Потусторонняя свора, они выжидают удобного случая, чтобы наброситься на меня и пожрать мою душу, перемолоть все мое существо в своих бесформенных зияющих пастях. Я иду по тоннелям, которым нет ни конца, ни начала. Где-то пыхтит, задыхаясь, Зверь. Где-то он топчет копытами землю и бьет по стенам своими тяжелыми кулаками. Может быть, он и есть-Сатана? Вот теперь он вздымает свою каменную булаву. Он-Бык, Телец. Он-Телец, и его ярость нацелена на меня одного. Я обнажен и беспомощен. Я-дитя. Девочка. И выбор мой: либо повиноваться Тельцу, либо погибнуть. Но и повинуясь ему, я погибну.
Я проснулся, дрожа в леденящем ознобе, покрытый испариной. Все простыни были пропитаны моим потом. Ничего еще не соображая со сна, я дернул шнурок колокольчика. Но на вызов пришел не слуга. Пришла Ульрика. Увидев лицо мое, тело мое, сотрясаемое мелкой дрожью, она не на шутку переругалась. В голове у меня все еще звучали голоса.
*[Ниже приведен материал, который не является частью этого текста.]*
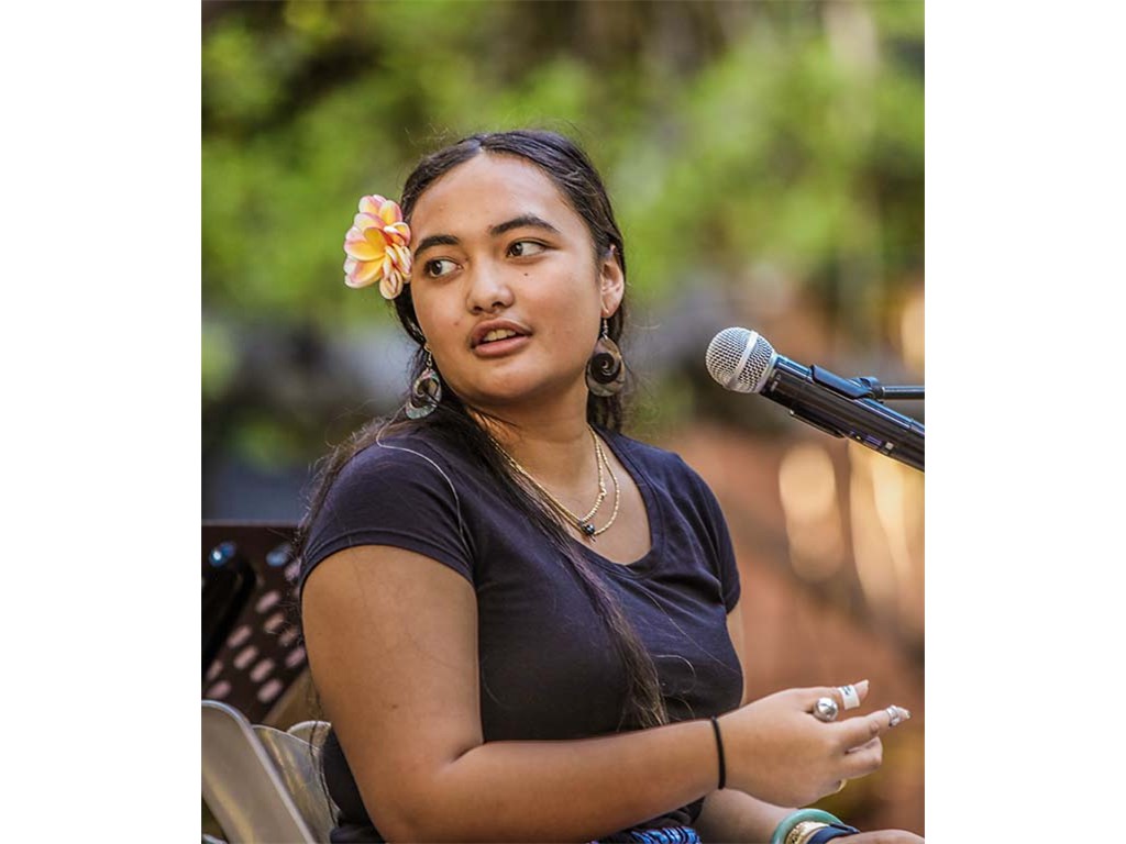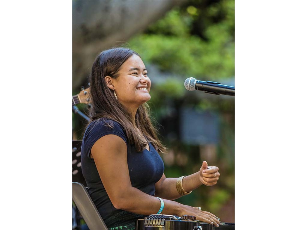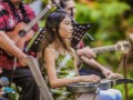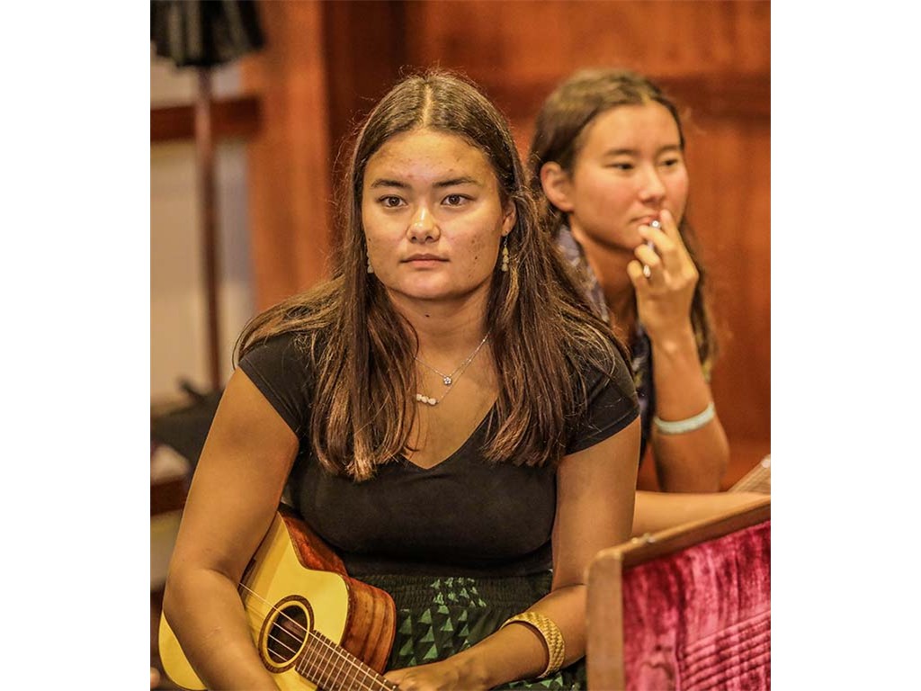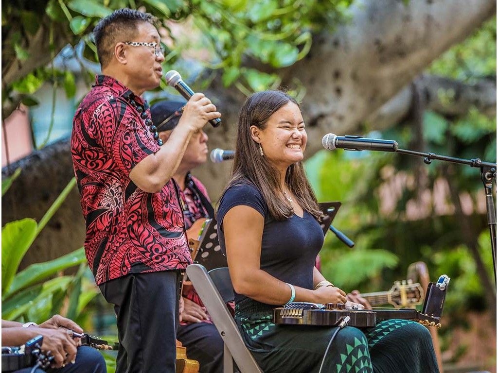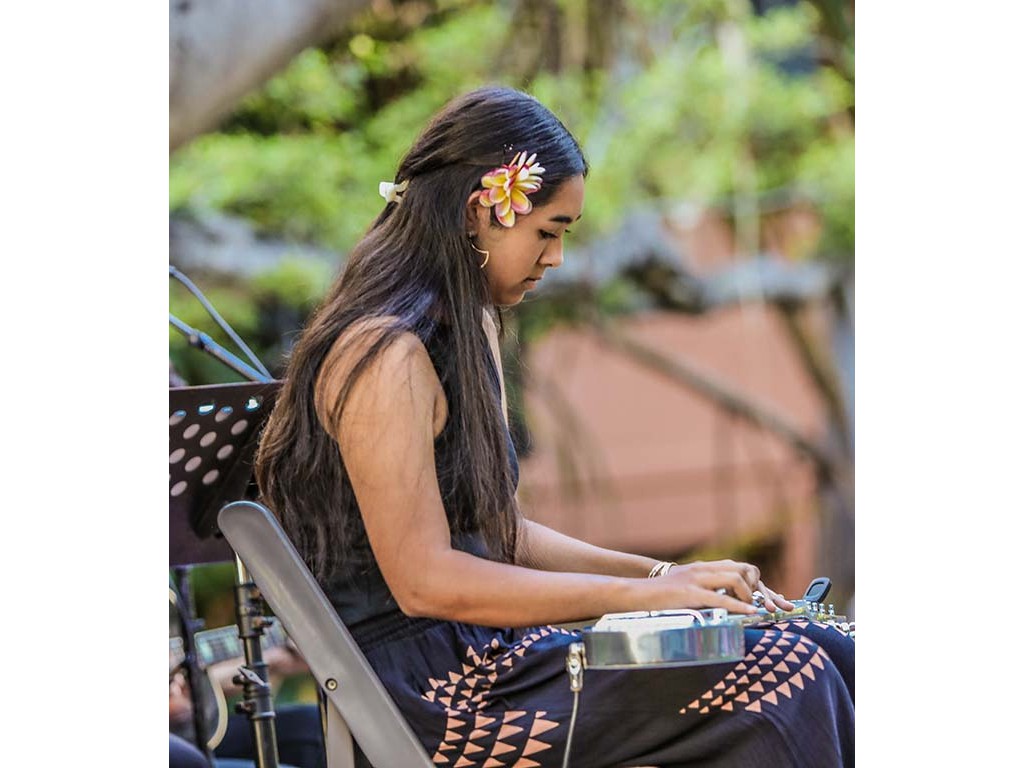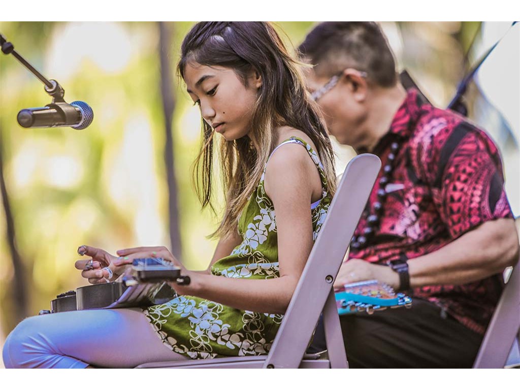 NextGen steel guitarists from Ke Kula Mele Hawai‘i School of Hawaiian Music performed during Waikīkī Steel Guitar Week. Performing at the Tuesday evening concert were Hi‘ipoi Lindsay (10), Enosa Lyman (14), Tai Misailidis (15), Makamae Lyu-Napoleon (16), Isabella Bertelmann (16), Pono Fernandez (17), and Joey Misailidis (18).

Злобные твари переговаривались между собою тоном ученых старцев; старцев, завидующих моей жизненной силе, алчущих моей молодости. Ну вот, слышал я явственно, словно бы говорящий стоял у меня за плечом, я же вам говорил, что он поведет себя именно так. Я вас предупреждал. Я развернулся, но за спиной у меня не было ничего, только распахнутое окно. Ульрика закрыла его и зажгла свечи. Она хотела сделать как лучше, но дрожащий их желтый свет отбрасывал тени, мечущие по комнате, и тени эти меня настораживали... пугали... Я попытался взять себя в руки,-успокоиться самому и не пугать еще больше Ульрику, которая и без того уже разволновалась.
– Что с вами, капитан фон Бек? У вас, может быть, малярия? Другой батюшкин друг, который приехал из Индии, тоже сейчас разболелся.
– Дурной сон, дитя. Я здоров. Просто обычно меня не мучают во сне кошмары, вот я и переполошился.-Я выдавил хриплый смешок, но жалкие попытки мои изобразить беспечность не произвели на нее впечатления.
– Но ведь здесь, в Майренбурге, вам ничего не угрожает, да, сударь?
– Ничего.-Улыбнувшись, я поклонился ей.-Благодарю вас, фрейлин Ульрика, что вы так быстро пришли. Прошу простить меня за мою глупость.
Ее личико оставалось серьезным.
– Здесь, с нами, вы в безопасности, сударь.
– Я знаю. Но все же спасибо на добром слове. И за компанию тоже. Прошу вас, останьтесь еще на минутку, пока я не приду в себя.-Я вновь попытался рассмеяться, но у меня ничего не вышло. Никак не возможно было притворяться под ее пристальным испытующим взглядом, выражающим искреннюю тревогу. Минута прошла. Кошмарные видения постепенно изгладились из моей памяти, отступили; тени, разбросанные по комнате, стали просто тенями, мерцающий промельк движения-обычным отсветом дрожащего пламени свечей. Встретившись взглядом с Ульрикой, я улыбнулся, и на этот раз она улыбнулась в ответ.
– Все прошло,-кивнул я и еще раз поблагодарил ее.- Просто легкое нервное возбуждение. Усталость с дороги.
– Тогда, сударь, я могу возвратиться к своим обязанностям.
А мне даже и в голову не пришло, что я отрываю ее от дел!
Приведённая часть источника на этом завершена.